Here, we expand the population and genomic sampling effort for this species to include 32 EST-derived simple sequence repeat (SSR) markers in 28 populations distributed across the majority of the natural range of C. fargesii in the evergreen broad-leaved forests of subtropical China. We specifically intend to (1) detect the existing genetic variation and population structure of this dominant tree species in the remaining evergreen broad-leaved forests of subtropical China; (2) identify non-neutral genetic outlier putatively under divergent selection; and (3) test association of allelic frequencies at candidate outlier loci with climatic variation.

Materials and methods

Samples, DNA extraction and EST-SSR genotyping

A total of 28 populations comprising 648 individuals of C. fargesii were collected across the species range in the mainland of China (Figure 1; Table 1).

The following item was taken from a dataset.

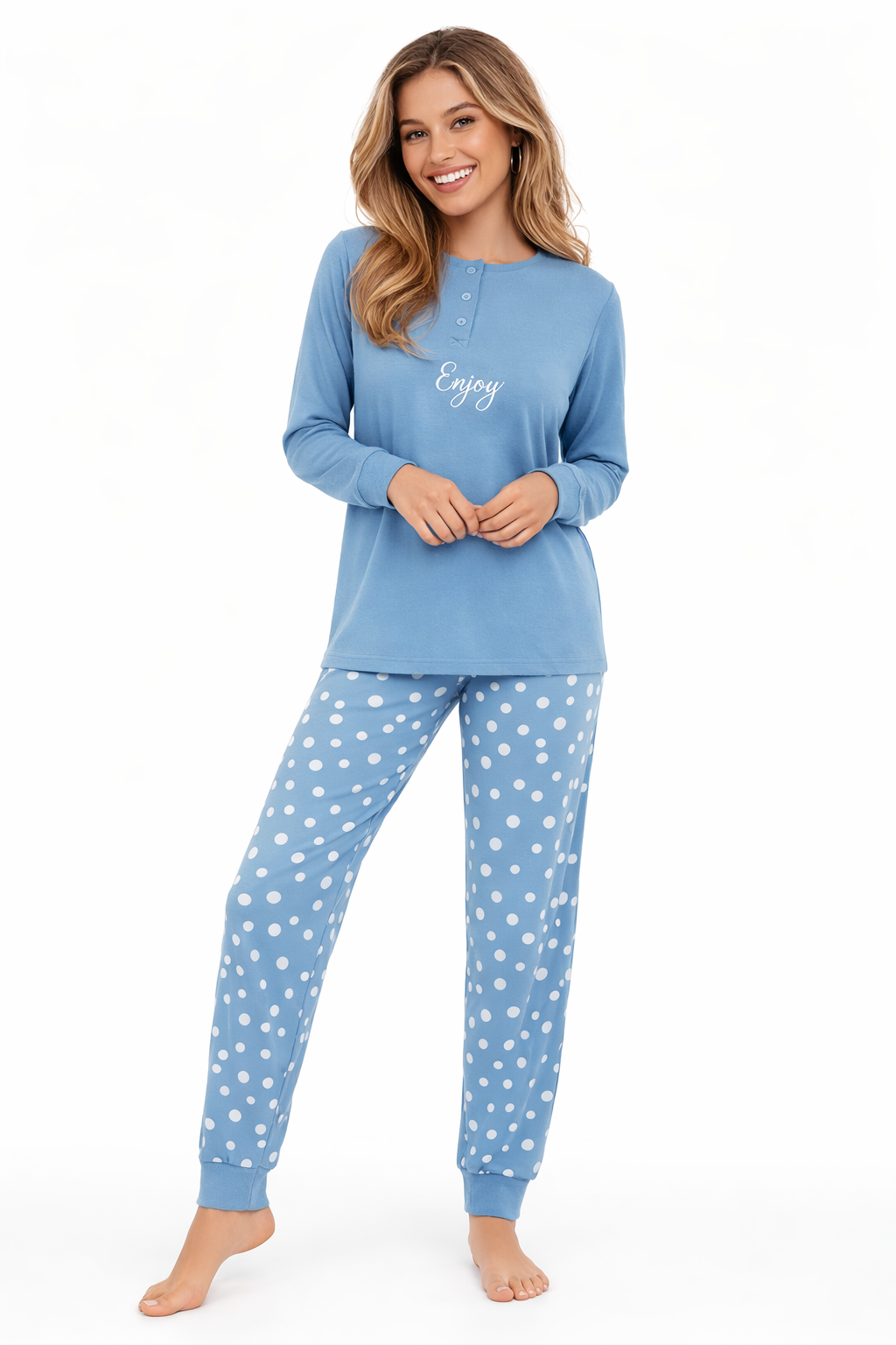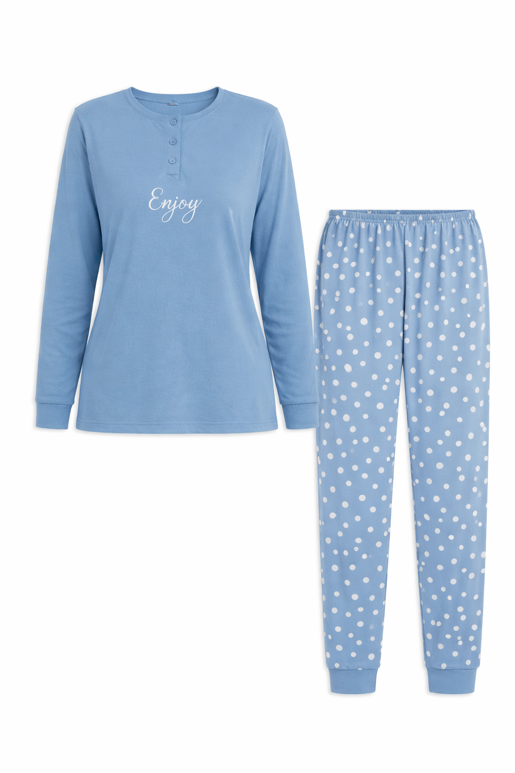 Deze vrolijke Cocodream pyjamaset is perfect voor ontspannen avonden en comfortabele nachten. De set is uitgevoerd in een frisse blauwe kleur en combineert stijl met hoog draagcomfort. De top heeft lange mouwen, een knoopsluiting aan de hals en een sierlijk “Enjoy” borduursel op de borst, wat zorgt voor een vrouwelijke en ontspannen uitstraling.
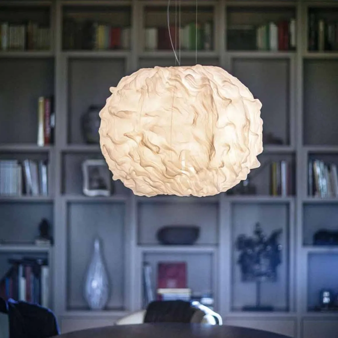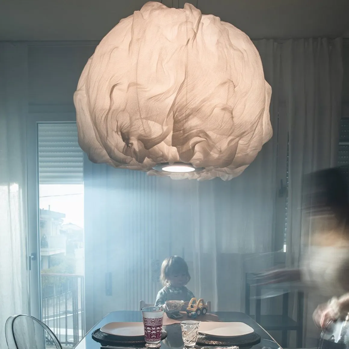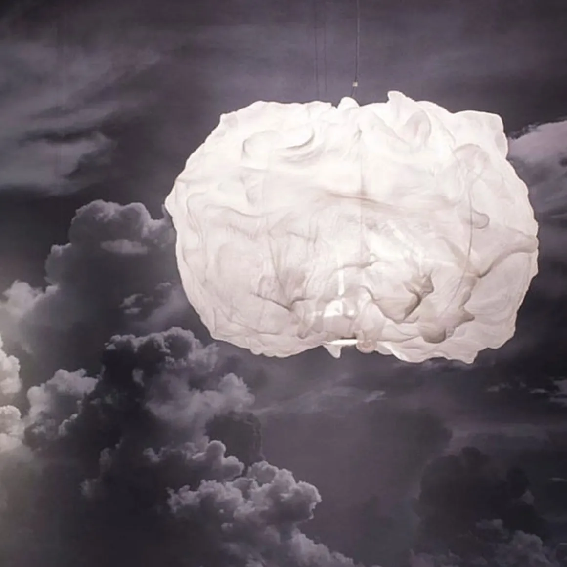 Comme une multitude d’êtres ou de choses regroupées d’une manière apparemment guidée, mais en réalité aléatoire, Nuée génère un contraste entre spontanéité et coordination dans une lampe dont la physionomie ne peut être appréhendée, mais simplement contemplée. Nuée est une lampe de présence théâtrale réalisée en superposant un tissu technique tridimensionnel, que la lumière traverse de manière irrégulière et évocatrice. Le fil continu du tissage permet des déformations qui deviennent poétiques: des zones sombres apparaissent sur une base blanche, comme un nuage qui assombrit sa couleur dans les zones plus compactes.

Voucher specimens were made for each population and stored in the Herbarium of the South China Botanical Garden (formerly the South China Institute of Botany, IBSC), Chinese Academy of Science. Sampled trees were at least 20 m apart to avoid sampling of close relatives. Fresh leaves were stored in silica gel before DNA extraction.

Figure 1
figure 1

Localities and geographical pattern of climatic variation of 28 populations of Castanopsis fargesii sampled in China. Circles represent localities, and colors represent site PC1 scores based on principal coordinates analysis of eight climatic variables including isothermality, temperature seasonality, maximum temperature of warmest month, temperature annual range, mean temperature of warmest quarter, precipitation in driest month, driest quarter and coldest quarter.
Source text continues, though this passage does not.